Letters A-J are put into a bag, 5 are selected at random (without replacement) to form a 5letter word:
A. How many different words are possible ?
B. What is the probability the word ENDS with a vowel?
C. What is the probability it starts and ends with a vowel?
A. To find the number of different words that can be formed, we need to calculate the number of ways to arrange the 5 selected letters. Since we are selecting without replacement, the first letter can be any of the 10 letters (A-J). After choosing the first letter, there are only 9 options for the second letter, 8 options for the third letter, 7 options for the fourth letter, and 6 options for the fifth letter. Therefore, the total number of different words possible is:
10 x 9 x 8 x 7 x 6 = 30,240 different words.

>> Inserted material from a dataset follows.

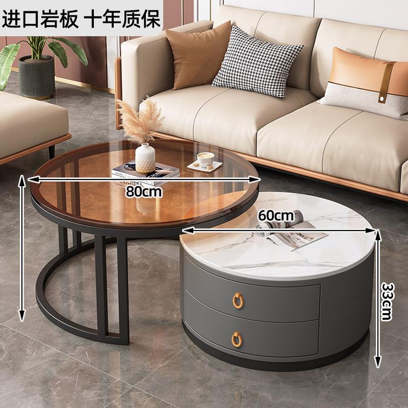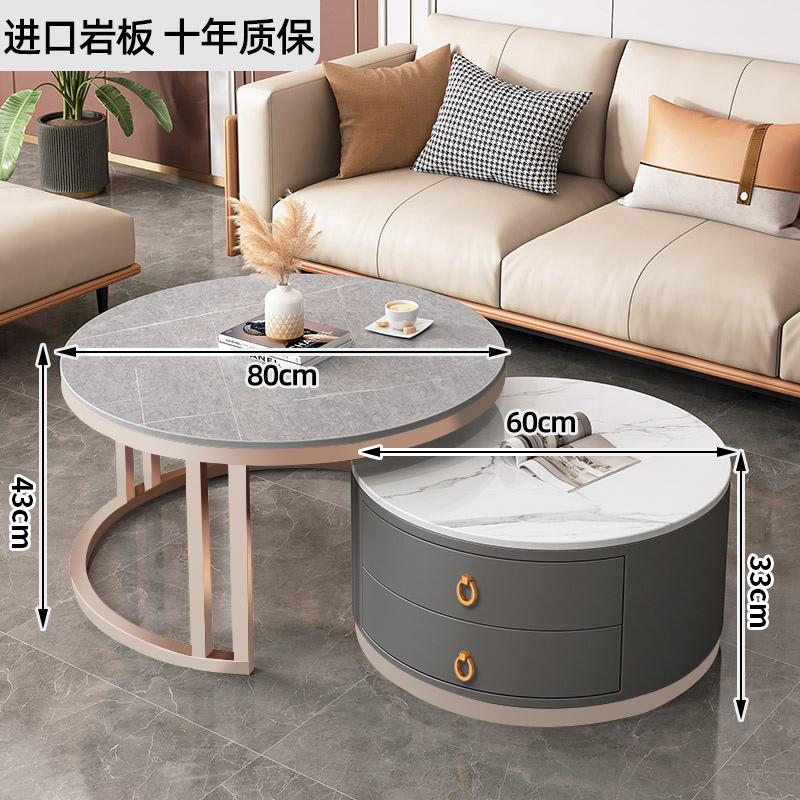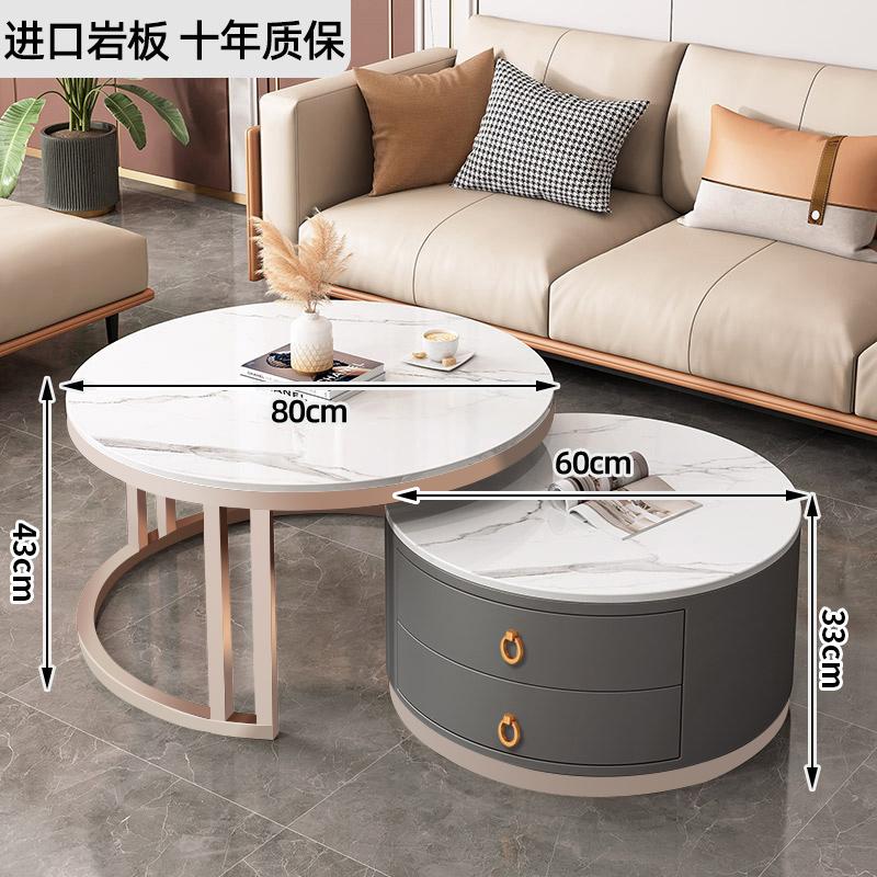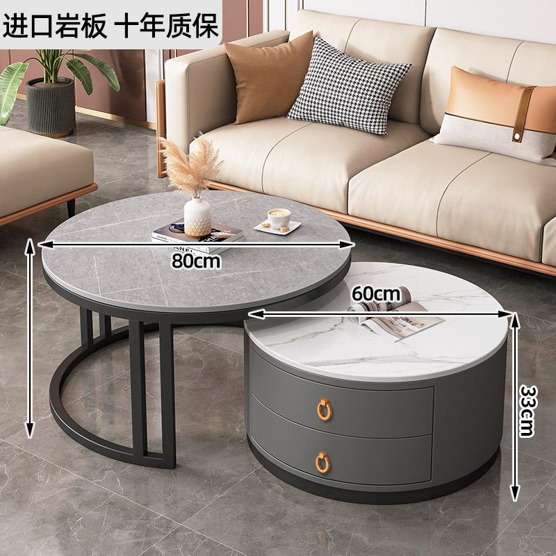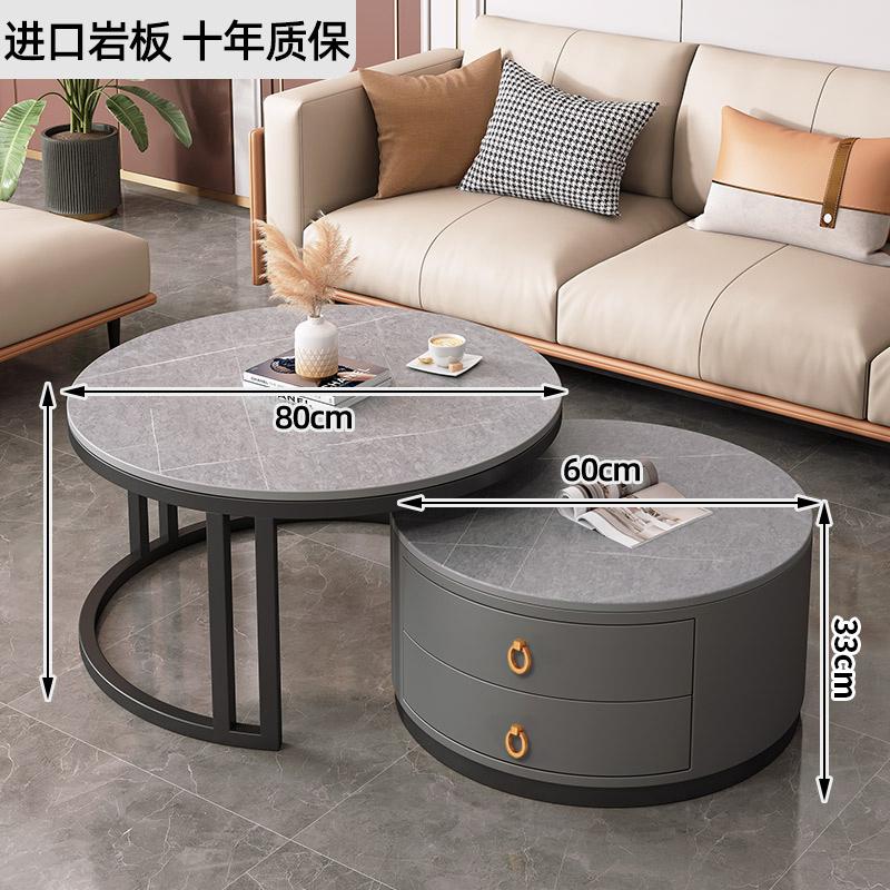 커피 테이블 거실 2024 새로운 스타일 홈 거실 발코니 간단한 현대 작은 아파트 빛 럭셔리 라운드 록 플레이트 커피 테이블 테이블

B. To calculate the probability that the word ends with a vowel, we need to find the number of words that meet this condition and divide it by the total number of different words possible.
The number of words that end with a vowel can be calculated as follows:
The last letter can be any of the 5 vowels (A, E, I, O, or U). After choosing the last letter as a vowel, there are 9 options for the first letter, 8 options for the second letter, 7 options for the third letter, and 6 options for the fourth letter. Therefore, the total number of words that end with a vowel is:
5 x 9 x 8 x 7 x 6 = 15,120 words
The probability of selecting a word that ends with a vowel is:
15,120 / 30,240 = 0.5 (or 50%)
C. To calculate the probability that the word starts and ends with a vowel, we need to find the number of words that meet this condition and divide it by the total number of different words possible.
The number of words that start and end with a vowel can be calculated as follows:
The first and last letters can each be any of the 5 vowels (A, E, I, O, or U). After choosing the first and last letters as vowels, there are 8 options for the second letter, 7 options for the third letter, and 6 options for the fourth letter. Therefore, the total number of words that start and end with a vowel is:
5 x 8 x 7 x 6 x 5 = 8,400 words
The probability of selecting a word that starts and ends with a vowel is:
8,400 / 30,240 = 0.2778 (or approximately 27.78%)
To answer these questions, you need to consider the number of favorable outcomes and the total number of possible outcomes.
A. How many different words are possible?
To find the number of different words possible, we need to find the total number of different ways you can select 5 letters from the 10 available in the bag. This is calculated using the concept of combinations. The number of ways to select k items from a set of n items is given by the formula nCk, which is the binomial coefficient.
In our case, n (total number of letters) is 10, and k (number of letters selected) is 5. Therefore, the number of different words possible would be 10C5, which can be calculated as:
10C5 = 10! / (5!(10-5)!) = 10! / (5!5!) = (10 * 9 * 8 * 7 * 6) / (5 * 4 * 3 * 2 * 1) = 252.
Therefore, there are 252 different words possible.
B. What is the probability the word ENDS with a vowel?
To calculate this probability, we need to determine the number of favorable outcomes (words that end with a vowel) and the total number of possible outcomes.
Number of favorable outcomes: We have 10 letters in the bag, and the last letter needs to be a vowel, i.e., A, E, I, or J. So, there are 4 possible vowels for the last position.
Total number of outcomes: We already calculated this in part A, and it is 252.
Therefore, the probability that the word ends with a vowel is 4/252, which can be simplified as 1/63.
C. What is the probability it starts and ends with a vowel?
To calculate this probability, we need to determine the number of favorable outcomes (words that start and end with a vowel) and the total number of possible outcomes.
Number of favorable outcomes: For the first letter, we have 10 letters in the bag, and there are 4 possible vowels. For the last letter, there are also 4 possible vowels. So, the number of favorable outcomes is 4 * 4 = 16.
Total number of outcomes: We already calculated this in part A, and it is 252.
Therefore, the probability that the word starts and ends with a vowel is 16/252, which can be simplified as 2/31.